■ **EXERCISE BRIEF**: Take the records below and set down exactly the lines from the one with "Современная кухонная мебель" to the one with "Camisa Social RL", ends included; do not copy the pictures.

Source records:
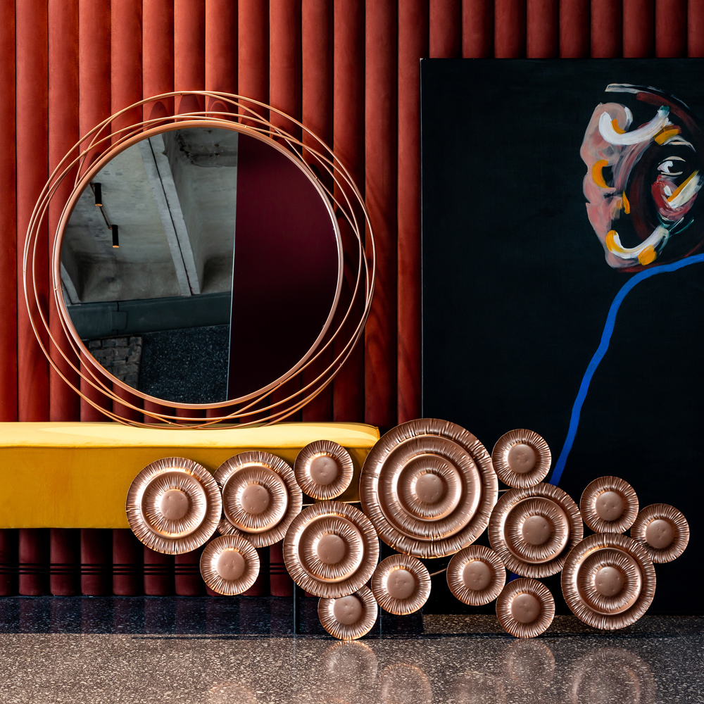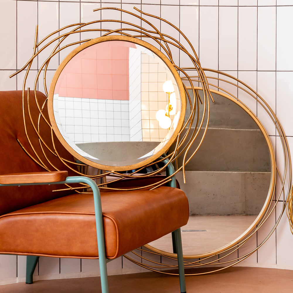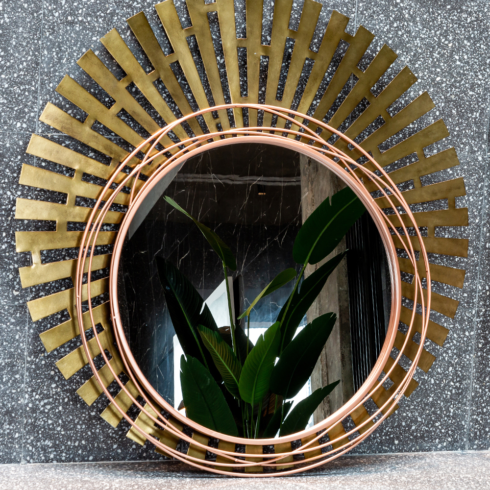 Бытовая функция отражения осталась для зеркал в прошлом веке. В наши дни они нацелены в первую очередь на украшение и оригинальность наших интерьеров. Гелиос - эталонный пример интерьерного дизайнерского зеркала. Отражая стиль и респектабельность, в любых планировках оно, подобно мишени, моментально заявляет центр интерьерного внимания. Классический золотой цвет оправы гармоничен любому интерьерному окружению. Размер, дизайн и цвет подходящи для любых домашних и загородных помещений. Круглые зеркала заведуют интерьерным балансом, логикой и гармонией. Обладая собственной симметрией, они не претендуют на центральное расположение, готовые украсить любое скучающее пространство Вашего дома. Металлические рамы прочны, долговечны и неприхотливы в уходе. Вы можете смело пользоваться чистящими средствами для зеркала, не опасаясь повредить раму. Зеркала от Объекта мечты - солнечный климат Вашего интерьера.
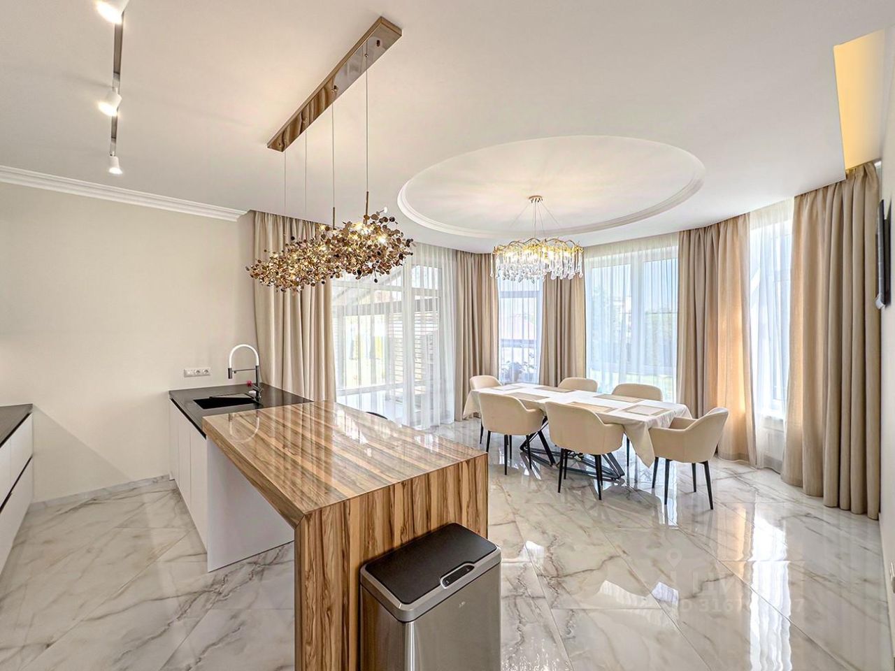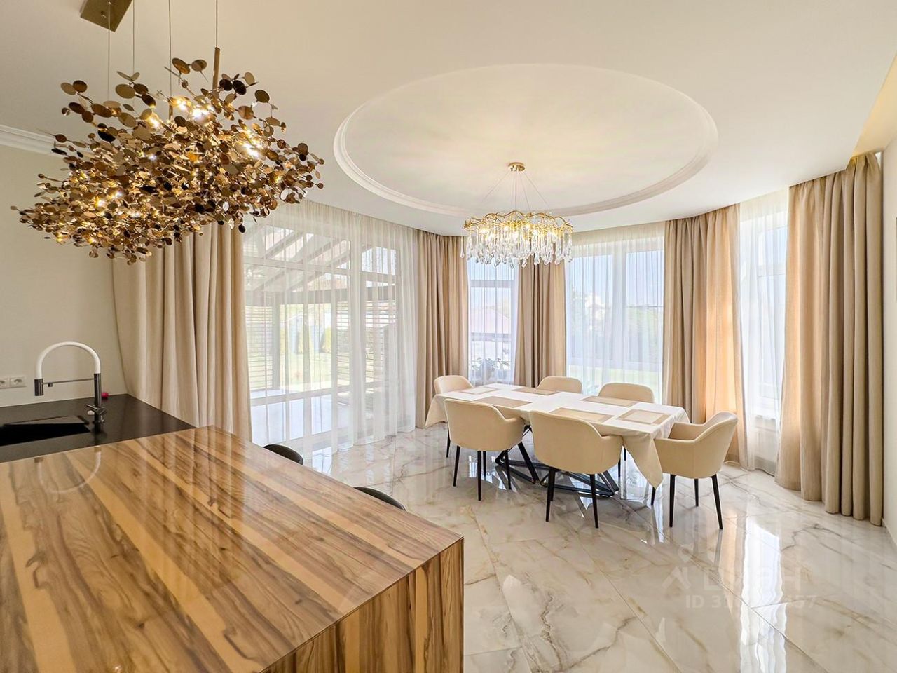Современная кухонная мебель Giulia Novars | Элитные кухни, фасады и остров натуральный шпон палисандр, техника KPPERSBUSCH. Для внутренней отделки дома использовались дорогостоящие натуральные материалы - мрамор, керамическая плитка, гипсовые панели. Дровяной камин облицован натуральным мрамором. Корпусная и мягкая мебель премиум класса Giulia Novars, Balito, Klever. В доме есть отдельная комната для персонала со своим входом.
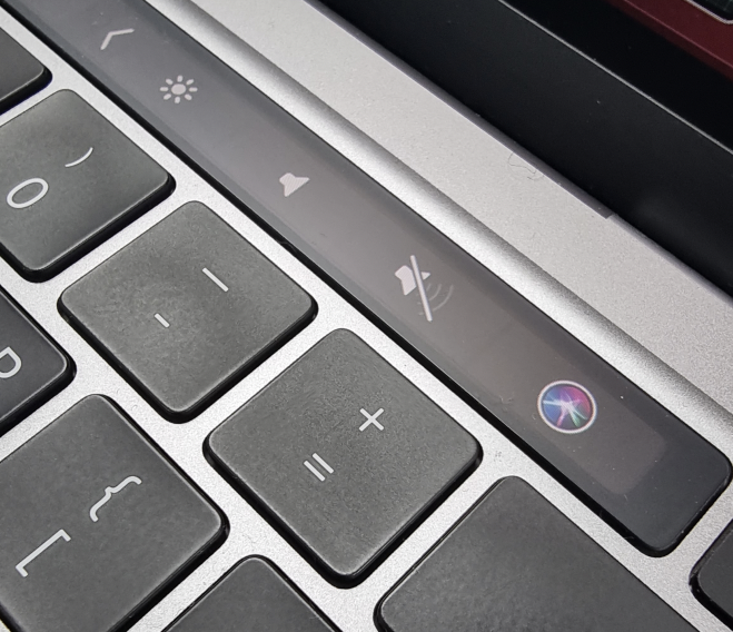 또한 13인치 사이즈답게 오밀조밀하게 모여있는 키보드와 광활한 터치패드, 상단의 기능키 터치바도 아주 만족스러웠습니다.
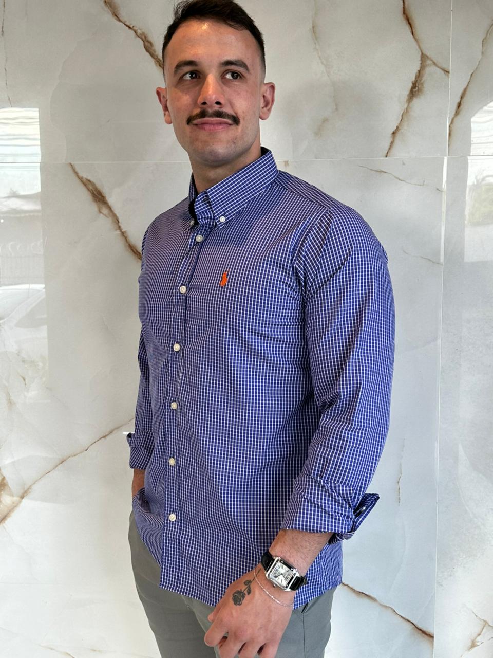 Camisa Social RL Xadrez M/L - A.Marinho Logo Laranja
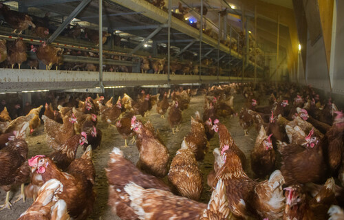 Bodenhaltung mit wenig natürlichem Licht und ohne Auslauf
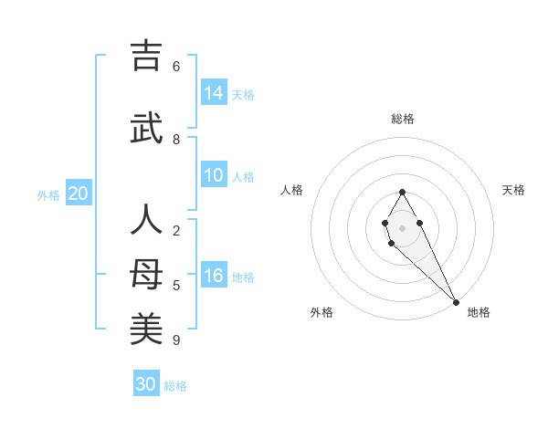 吉武 人母美さんの総格は30画の2点!
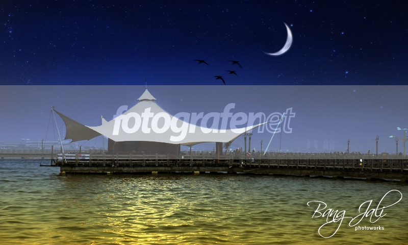 komposisinya bagus (bulan, burung, warna langit dan warna airnya, juga back ground gedung2nya yang samar2) wooww..
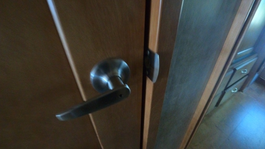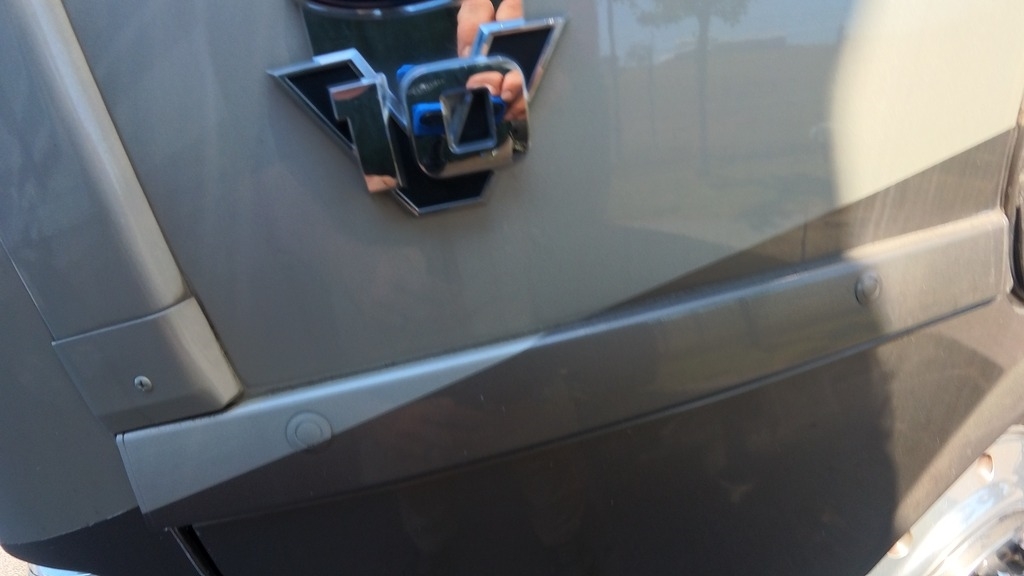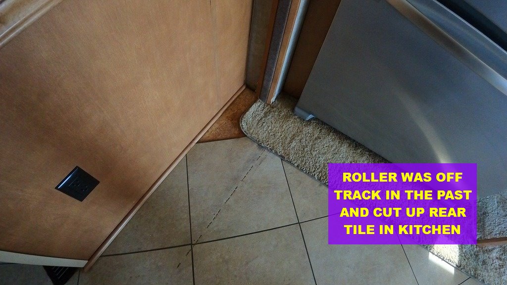 When the coach came into us there was a misalignment of the left side slide. There is tile missing on the floor at rear of slide where misalignment tore the vinyl.
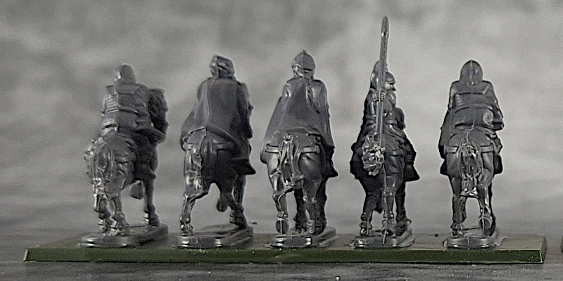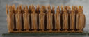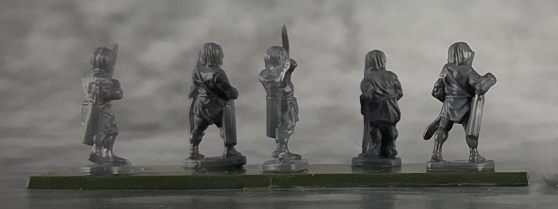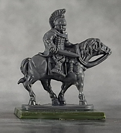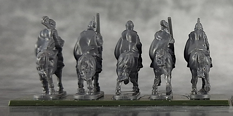Auf geht es zu den Römern. Was hier sofort auffällt: es gibt da einige merkwürdig anmutende Streifen Infanterie, bei der lediglich die Köpfe und die Ränder ausmodelliert sind. Das ist kein Fehler der Maschine. Vielmehr besten die Einheiten der Römer aus stattlichen 30 statt 20 Mann pro Base. Daher gibt es für jede Einheit Front, Mitte und Rücken die zusammengeklebt werden müssen bevor sie auf ihr Base gesetzt werden. Dadurch ergibt sich ein solider Block der sich durchaus sehen lassen kann. Was die Kavallerie angeht sind nur jeweils zwei von den fünf für ein volles Base notwenigen Pferde enthalten. Eine Box Römer enthält viermal diesen Gussrahmen, so dass am Ende jeweils nur ein volles Base pro Box baubar ist.
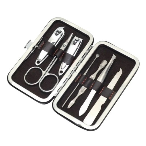 - Zestaw zawiera 7 elementów: obcinaczki, obcinaczki boczne nożyczki, pilnik, pęseta, 2x radełko

■ **REPLY TO THE EXERCISE**:
Современная кухонная мебель Giulia Novars | Элитные кухни, фасады и остров натуральный шпон палисандр, техника KPPERSBUSCH. Для внутренней отделки дома использовались дорогостоящие натуральные материалы - мрамор, керамическая плитка, гипсовые панели. Дровяной камин облицован натуральным мрамором. Корпусная и мягкая мебель премиум класса Giulia Novars, Balito, Klever. В доме есть отдельная комната для персонала со своим входом.
 또한 13인치 사이즈답게 오밀조밀하게 모여있는 키보드와 광활한 터치패드, 상단의 기능키 터치바도 아주 만족스러웠습니다.
 Camisa Social RL Xadrez M/L - A.Marinho Logo Laranja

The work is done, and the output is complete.